▸ DATA RECORDS:
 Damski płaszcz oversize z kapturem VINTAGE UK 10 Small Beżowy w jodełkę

...

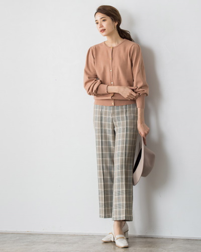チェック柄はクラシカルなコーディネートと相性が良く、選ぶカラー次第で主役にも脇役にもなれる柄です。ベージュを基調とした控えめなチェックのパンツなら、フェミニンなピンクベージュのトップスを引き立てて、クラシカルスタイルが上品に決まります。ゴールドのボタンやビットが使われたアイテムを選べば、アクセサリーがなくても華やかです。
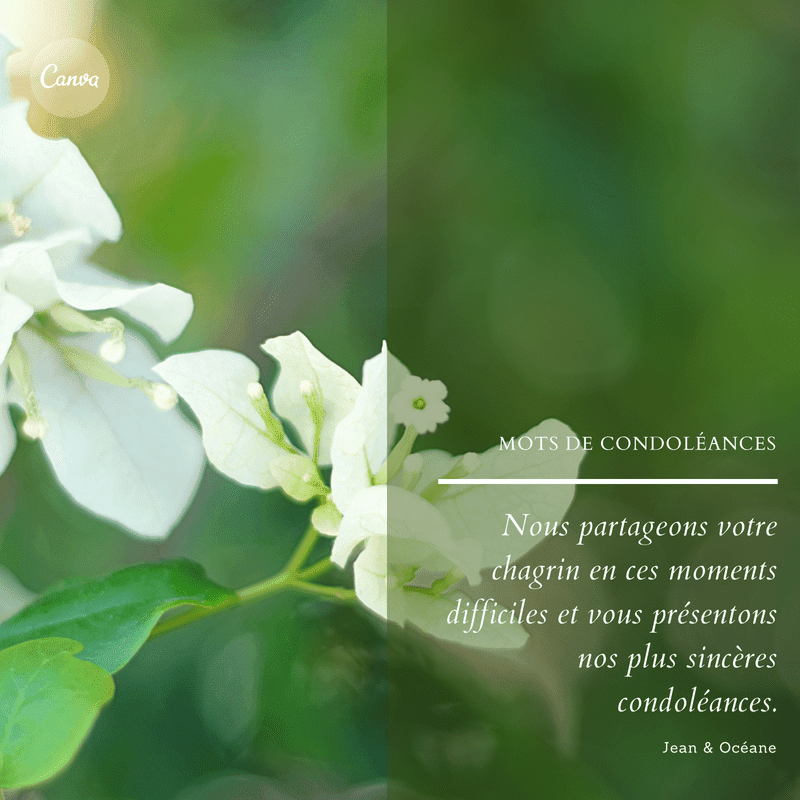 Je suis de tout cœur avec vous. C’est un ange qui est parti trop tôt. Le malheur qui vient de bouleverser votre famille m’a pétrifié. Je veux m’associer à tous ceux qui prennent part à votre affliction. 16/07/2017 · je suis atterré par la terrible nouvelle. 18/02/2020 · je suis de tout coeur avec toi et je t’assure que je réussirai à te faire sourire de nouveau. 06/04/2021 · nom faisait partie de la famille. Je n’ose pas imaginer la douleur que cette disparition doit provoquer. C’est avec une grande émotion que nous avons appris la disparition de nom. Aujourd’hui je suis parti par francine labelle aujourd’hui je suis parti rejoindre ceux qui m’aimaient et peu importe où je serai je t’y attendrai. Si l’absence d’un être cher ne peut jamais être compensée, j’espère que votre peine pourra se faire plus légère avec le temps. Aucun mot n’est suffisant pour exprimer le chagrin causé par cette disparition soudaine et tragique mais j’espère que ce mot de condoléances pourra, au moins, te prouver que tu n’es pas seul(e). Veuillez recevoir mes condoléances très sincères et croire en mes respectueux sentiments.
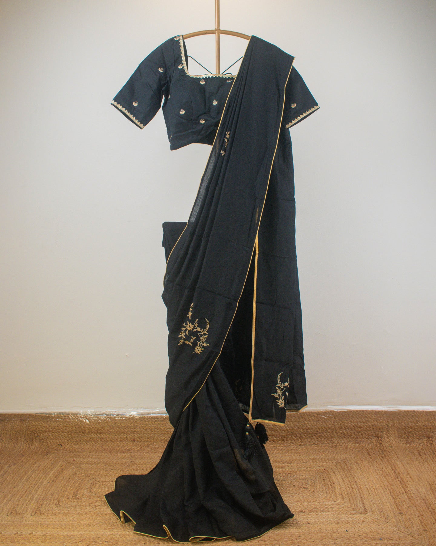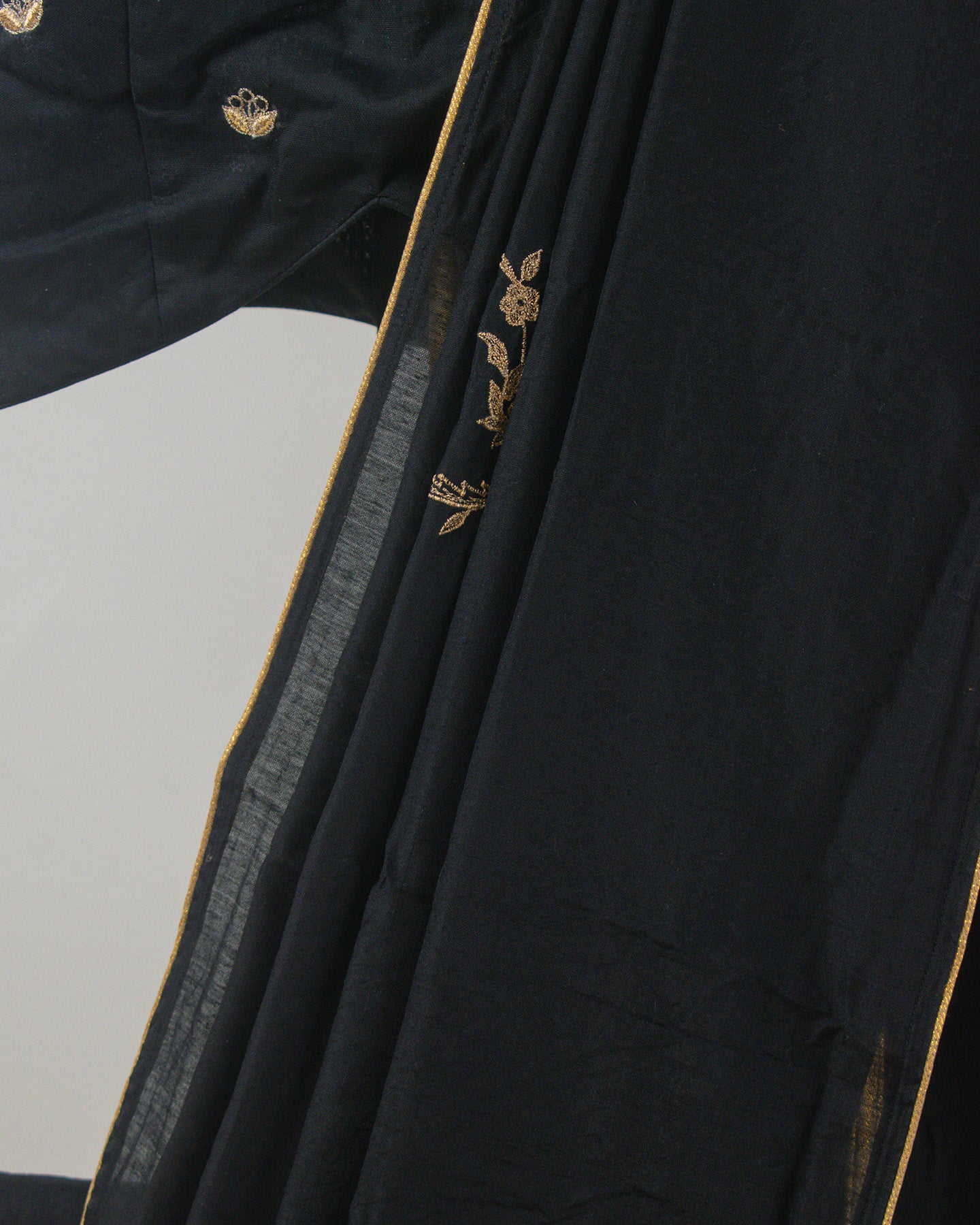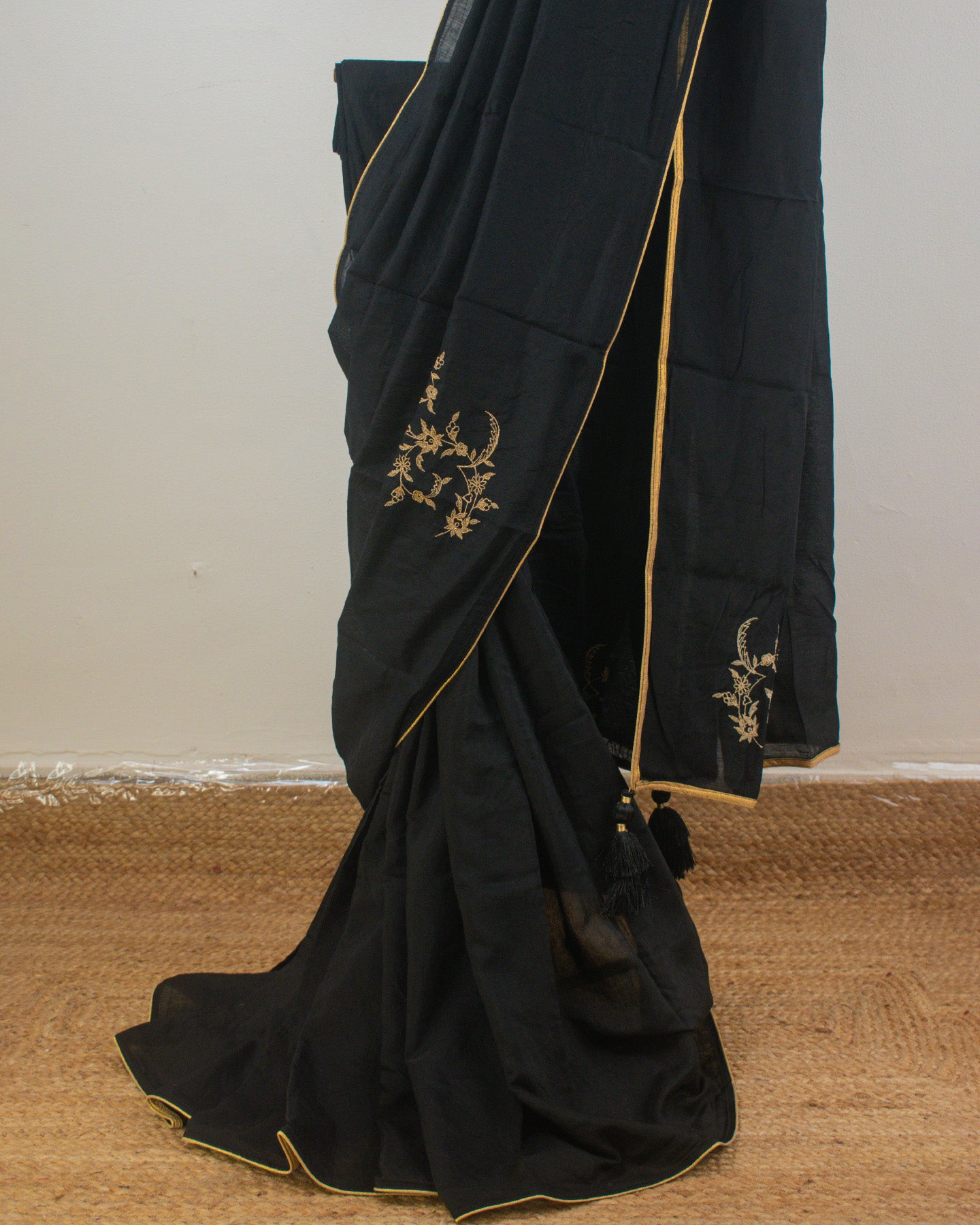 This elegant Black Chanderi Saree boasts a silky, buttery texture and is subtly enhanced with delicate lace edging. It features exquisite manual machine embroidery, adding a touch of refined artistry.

* * *

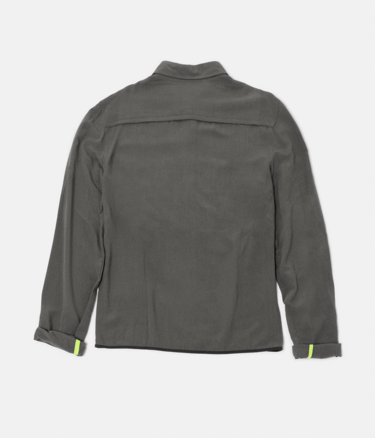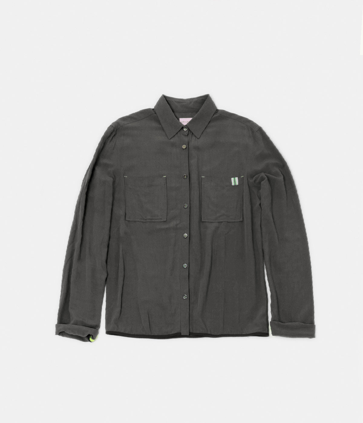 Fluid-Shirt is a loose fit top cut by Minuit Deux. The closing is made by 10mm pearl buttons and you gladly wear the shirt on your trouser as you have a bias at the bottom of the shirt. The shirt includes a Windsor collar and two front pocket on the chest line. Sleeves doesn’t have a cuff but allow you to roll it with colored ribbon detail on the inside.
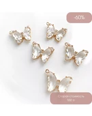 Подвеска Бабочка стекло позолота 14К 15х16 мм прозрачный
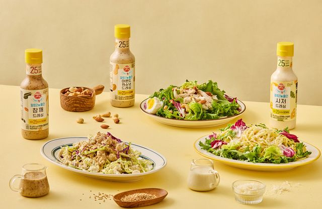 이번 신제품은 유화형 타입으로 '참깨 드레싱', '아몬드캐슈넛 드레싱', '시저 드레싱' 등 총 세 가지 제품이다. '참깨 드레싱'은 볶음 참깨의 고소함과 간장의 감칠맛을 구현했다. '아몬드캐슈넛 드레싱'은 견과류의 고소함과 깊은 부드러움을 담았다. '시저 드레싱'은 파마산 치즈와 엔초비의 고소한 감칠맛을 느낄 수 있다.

▸ TASK INSTRUCTIONS: From the records above, output only the lines starting at the one containing "Подвеска Бабочка стекло" and ending at the one containing "이번 신제품은 유화형", word for word. Pictures stay out.

▸ SOLUTION TO THE EXERCISE:
 Подвеска Бабочка стекло позолота 14К 15х16 мм прозрачный
 이번 신제품은 유화형 타입으로 '참깨 드레싱', '아몬드캐슈넛 드레싱', '시저 드레싱' 등 총 세 가지 제품이다. '참깨 드레싱'은 볶음 참깨의 고소함과 간장의 감칠맛을 구현했다. '아몬드캐슈넛 드레싱'은 견과류의 고소함과 깊은 부드러움을 담았다. '시저 드레싱'은 파마산 치즈와 엔초비의 고소한 감칠맛을 느낄 수 있다.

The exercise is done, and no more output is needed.